It is often common to need to take a colour image and change some aspect of it: its hue, saturation, brightness or contrast.
You could simply convert the image to an appropriate colour space (e.g. HSV) perform the manipulations and then convert back to RGB. However, of the three components of the HSV colour space, it is least likely that you'll want to change the hue, which is trickiest component to convert. So can you change the saturation and value without performing the full round-trip conversions?
Remember that for RGB to HSV:
float U = min(R, min(G, B));
float V = max(R, max(G, B));
float C = V - U;
float S = C / (V + Epsilon);
The hue 'H' is given by the difference between two RGB channel values divided by 'V'.
So if we maintain the absolute differences between RGB channel values, we maintain the chroma 'C' (because the 'V' and 'U' values change by the same amount) but not necessarily the HSV saturation 'S' (because the denominator 'V' changes).
This implies we can easily change the chroma (or HSV saturation) by manipulating 'U' without any impact on the value 'V'. However, changing the value 'V' (or lightness) is not so easy without also changing the chroma (or HSV saturation).
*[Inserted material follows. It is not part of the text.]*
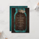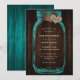 Teal Mason Jar Wood Monogram Burlap Hearts Wedding Invitation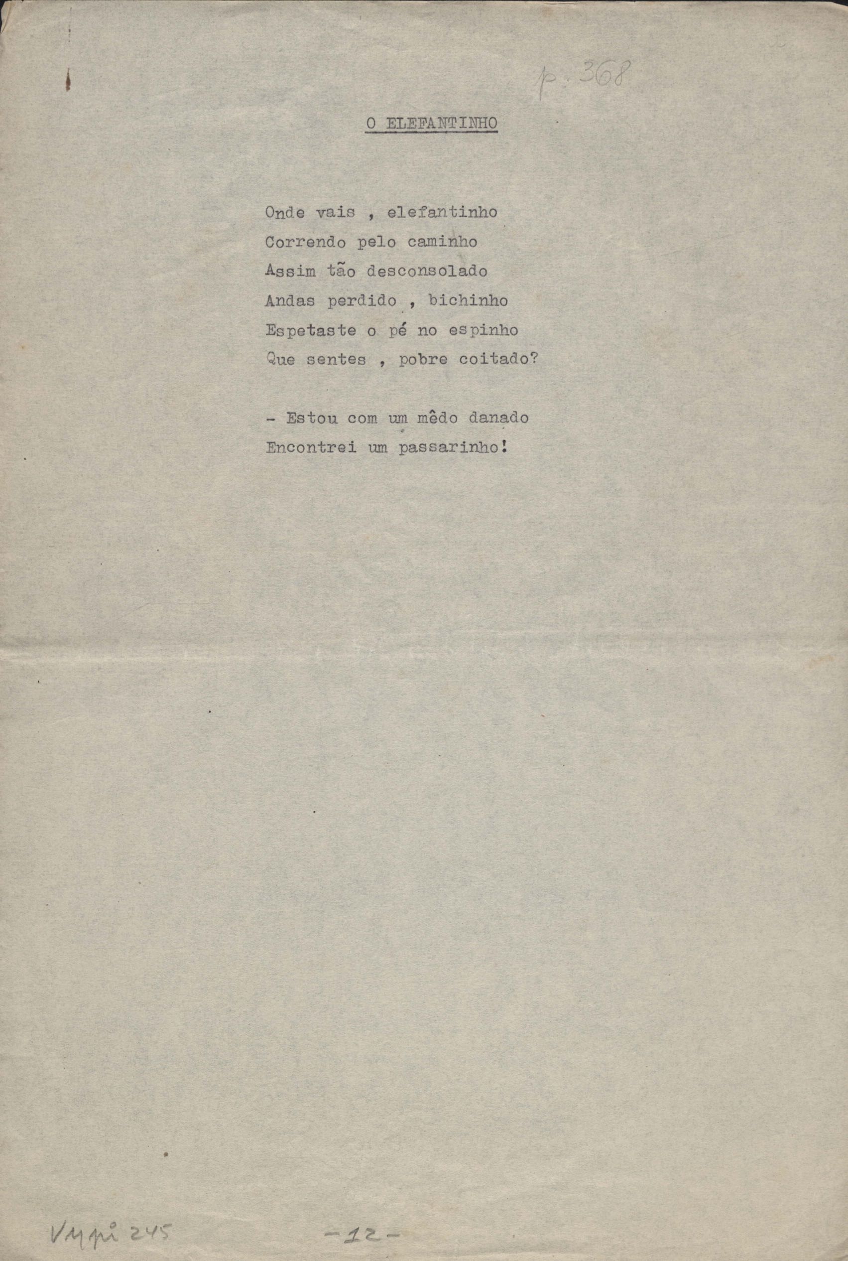Este documento faz parte do dossiê VMPI245, que contempla poemas não datados, publicados no livro A arca de Noé. Inclui outras versões manuscritas e datilografadas.

Consider another formulation of HSV saturation (without the epsilon term):
float S = C / V;
= (V - U) / V;
= 1 - (U / V);
It is dependent on the ratio of the minimum and maximum RGB channel values. So if we maintain this ratio, we do not affect the HSV saturation.
Anyway, let's start with what appears to be the easier modification first. Suppose we have an RGB triplet and we want to change its HSV saturation to 'S_wanted':
float U = min(R, min(G, B));
float V = max(R, max(G, B));
float Q = S_wanted * V / (V - U + Epsilon);
RGB = (V - RGB) * Q;
Above, 'Q' is equivalent to 'S_wanted / S' and 'Epsilon' is an appropriately tiny number, e.g. 1e-10.
Now the trickier modification. Suppose we have an RGB triplet and we want to change its HSV value to 'V_wanted' without changing its HSV saturation (or hue). We can multiply all channel values by
'V_wanted / V' and then apply the saturation modification algorithm above to restore the original saturation. But wait! The channel multiplication does not change the ratio of the minimum and maximum RGB channel values, so it therefore does not change the saturation after all. Only a simple multiplicative scaling is required:
float V = max(R, max(G, B));
RGB *= V_wanted / (V + Epsilon);
Please remember that we're talking about simplifying modifications in the HSV colour space here. HSL is another matter entirely.